Currently, looking solely at the practical deployment of specific assets: state-owned shares have already become the single largest absolute controlling force in the stock market — the current index is entirely dominated by "China-prefixed" stocks. Social security funds will ultimately play an extremely important role in the transfer, reduction, and eventual operation of state-owned shares. And the establishment of China Investment Corporation has given the deployment of foreign exchange reserves in domestic and foreign capital markets a coordinated and strategically implicit significance that at least transcends mere swing-trading.

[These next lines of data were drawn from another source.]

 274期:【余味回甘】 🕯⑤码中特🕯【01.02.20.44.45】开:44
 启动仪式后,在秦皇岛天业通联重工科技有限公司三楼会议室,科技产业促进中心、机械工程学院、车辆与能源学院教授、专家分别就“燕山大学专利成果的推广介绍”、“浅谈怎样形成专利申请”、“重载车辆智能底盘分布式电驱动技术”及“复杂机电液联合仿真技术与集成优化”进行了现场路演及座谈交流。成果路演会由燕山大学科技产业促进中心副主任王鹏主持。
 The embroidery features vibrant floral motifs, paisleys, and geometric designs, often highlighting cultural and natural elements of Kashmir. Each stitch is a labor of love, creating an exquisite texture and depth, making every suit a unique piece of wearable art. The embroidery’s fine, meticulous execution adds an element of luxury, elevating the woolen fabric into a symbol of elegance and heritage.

But the state's economic will is not merely reflected in specific stock operations or market-based transactions. More importantly, the expression of the state's economic will must absolutely not degenerate into a market-maker-style control operation — that would be extremely dangerous. The state's economic will should become an important — even the most important — component force in the market, but it cannot become the market's resultant force itself, much less the market's sole force. Once things evolve toward such a dangerous state, the so-called market-based expression of the state's economic will becomes empty rhetoric. Such "market-based expression" would instead become the very force that destroys the market's foundation.
Furthermore, the state's economic will must also be expressed through the protection of national economic resources. National economic resources include not only narrowly defined physical and material resources, but also — under virtual economy conditions — all resources capable of generating market and capital effects. For example, China's excellent companies are the greatest economic resources of China's capital markets. How to rationally utilize these resources, rather than letting them be sold cheaply, drained abroad, or excessively exploited for short-term gains — this is a very real and heavily lesson-laden major issue.

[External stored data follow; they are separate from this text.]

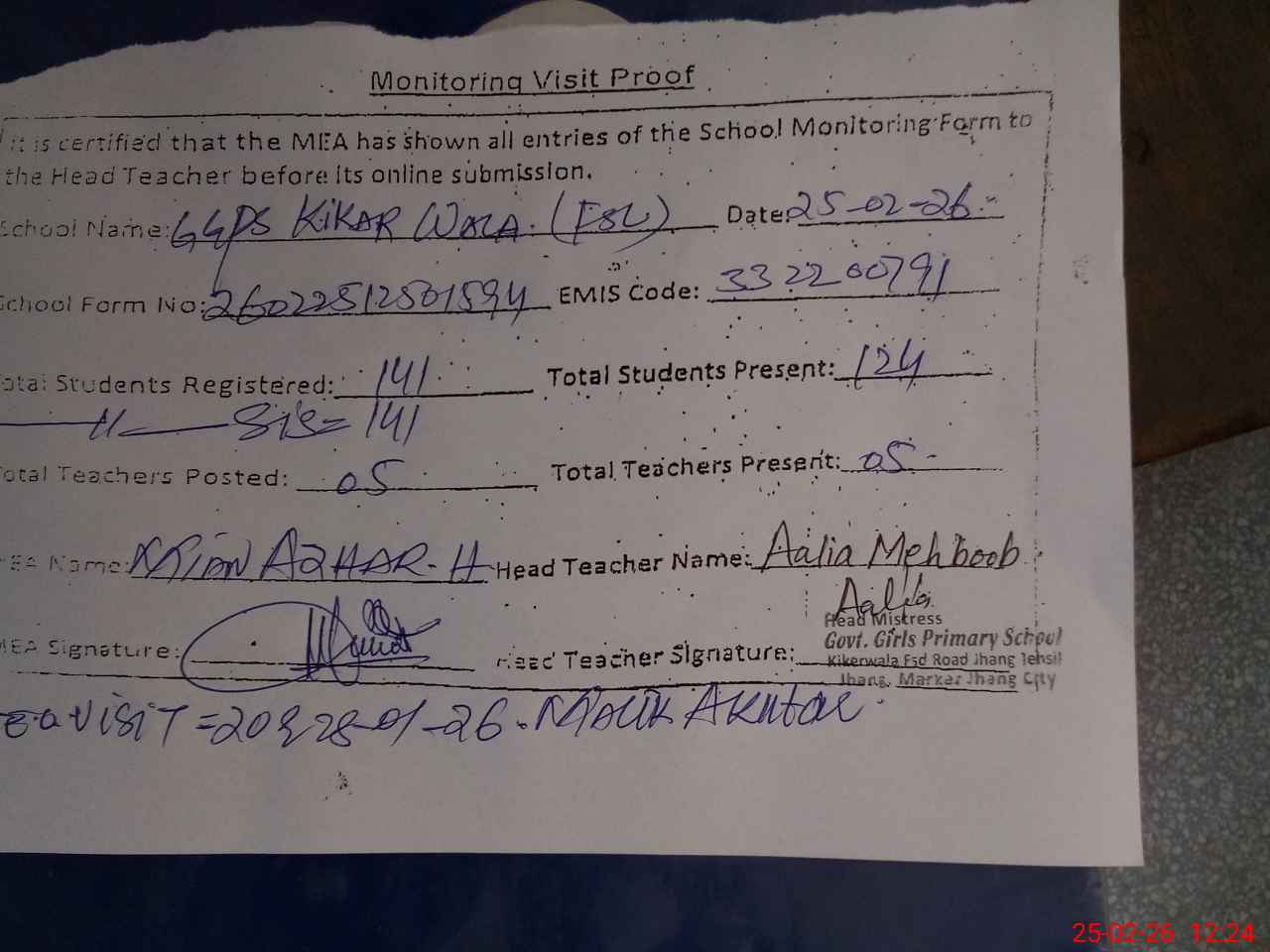 | EMIS Code: 33220791 | Name of School: GGPS KIKAR WALA | |||
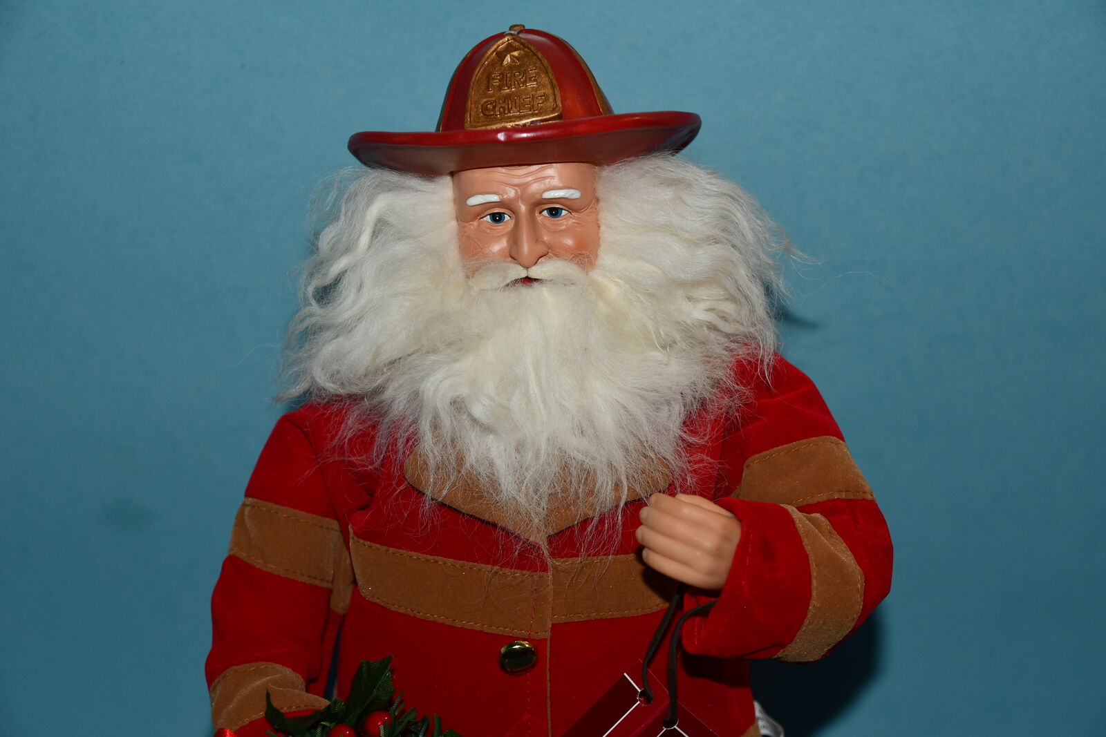 This NWT 18" "FIREMAN SANTA" is from a smoke free home. Questions??? Please ask. We are located in Plain City. Cash only please.
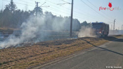 Sofort wurde mittels der – für diese Art von Bränden speziellen Straßenwaschanlage – Löscheinrichtung an der Front des Fahrzeuges der Bahndamm abgelöscht. Mit der Schnellangriffseinrichtung am Heck des Hilfeleistungsfahrzeuges wurden Glutnester bekämpft. Nach knapp 20 Minuten Einsatz konnten die Kameraden wieder ins Feuerwehrhaus einrücken und die Einsatzbereitschaft herstellen.
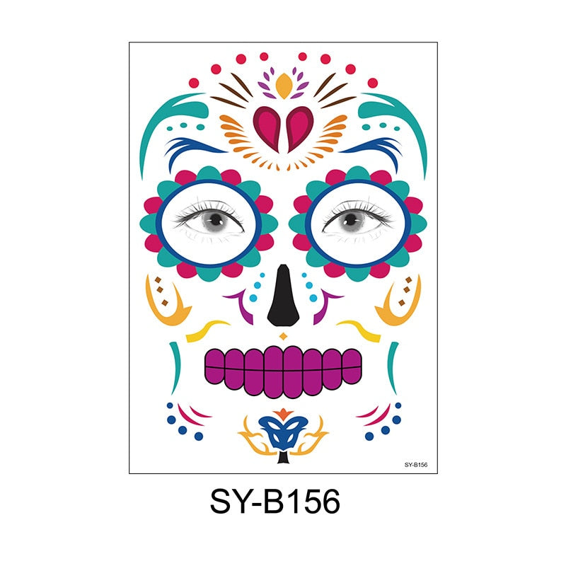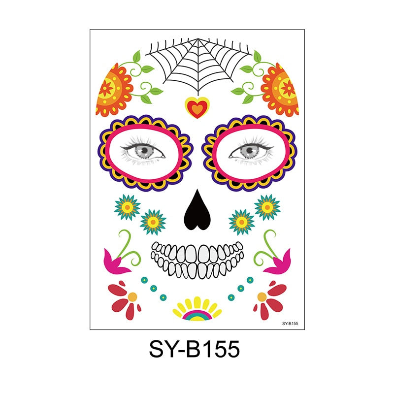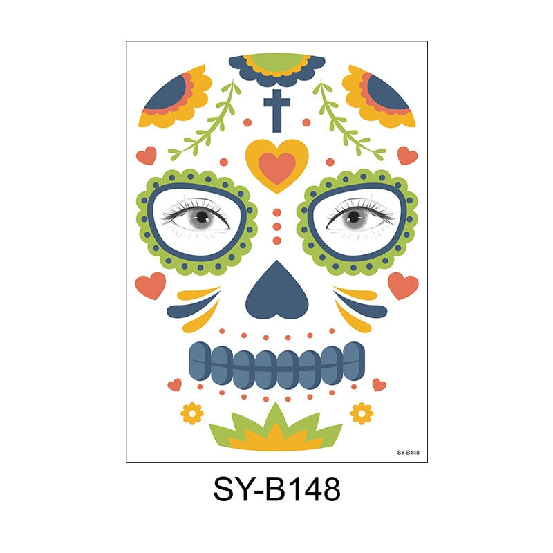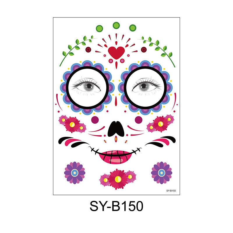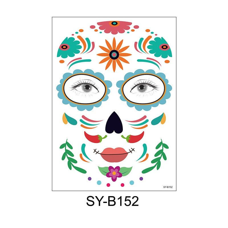 Facial Makeup Sticker Special Waterproof Face Tattoo Day Of The Dead Skull Face Dress Up Halloween Temporary Tattoo Stickers
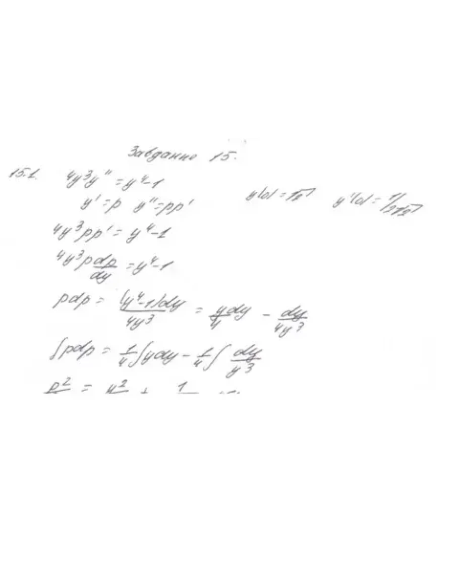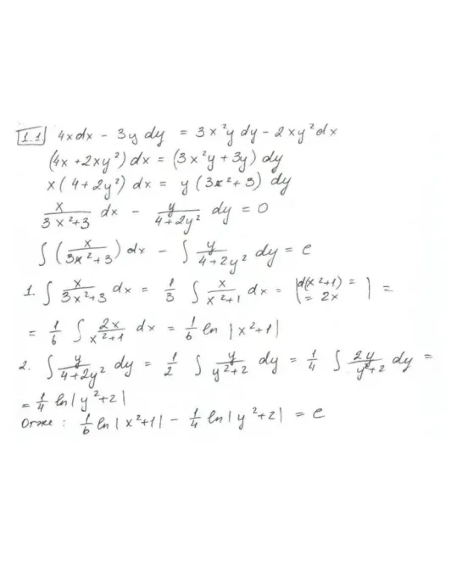 Розв'язана розрахункова робота з диференціальних рівнянь. НУЛП. В першому завданні потрібно знайти загальний інтеграл рівняння, в 15 - розв'язати задачу Коші. Варіант 1.
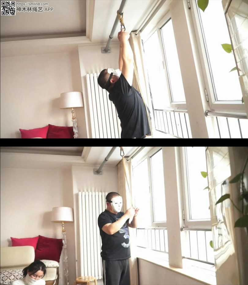 但这次男人没有停手,他好像还想加固捆绑的样子。。。。
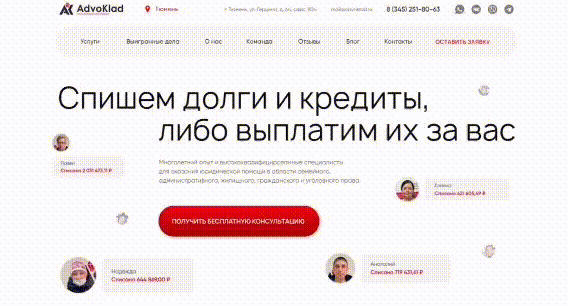 Выделяющийся среди конкурентов сайт юридической компании ООО «Адвоклад»
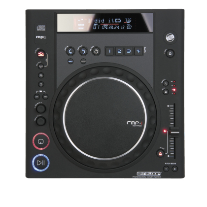 The scratch version of the RMP-1 is equipped with a sophisticated DSP scratch simulator that can be controlled via the two-piece, touch-sensitive jog wheel. The edge is used for searching, push-starting and braking while the inner surface activates the sound synthesis when being touched. The concept is clear: the RMP-1 Scratch MK2 is reduced to the most important mixing functions and due to the added scratch function it becomes the perfect turntablism CD player.

Standing at the level of capital deployment, the excessively market-oriented and excessively "rat-infested" funds can no longer independently serve as the economic embodiment of the state's will. A new absolute balancing force must be introduced to strengthen regulation. Since at the physical level, the state maintains absolute controlling stakes in industries vital to the people's livelihood, then at the virtual economy level, this absolute controlling nature is beyond question. That is to say, this absolute controlling nature must also necessarily include macro-level control over the overall trajectory of stock prices.
As the state gradually withdraws from hard policy-level regulation, it must and inevitably will maintain an absolute regulatory force at the economic level. Otherwise, capital's challenge to policy would spiral into an uncontrollable situation — something completely at odds with China's national conditions. Strengthening the state's economic regulation encompasses both the physical and virtual dimensions. And strengthening the state's economic regulatory leadership position at the virtual level is a problem that must be resolved as soon as possible.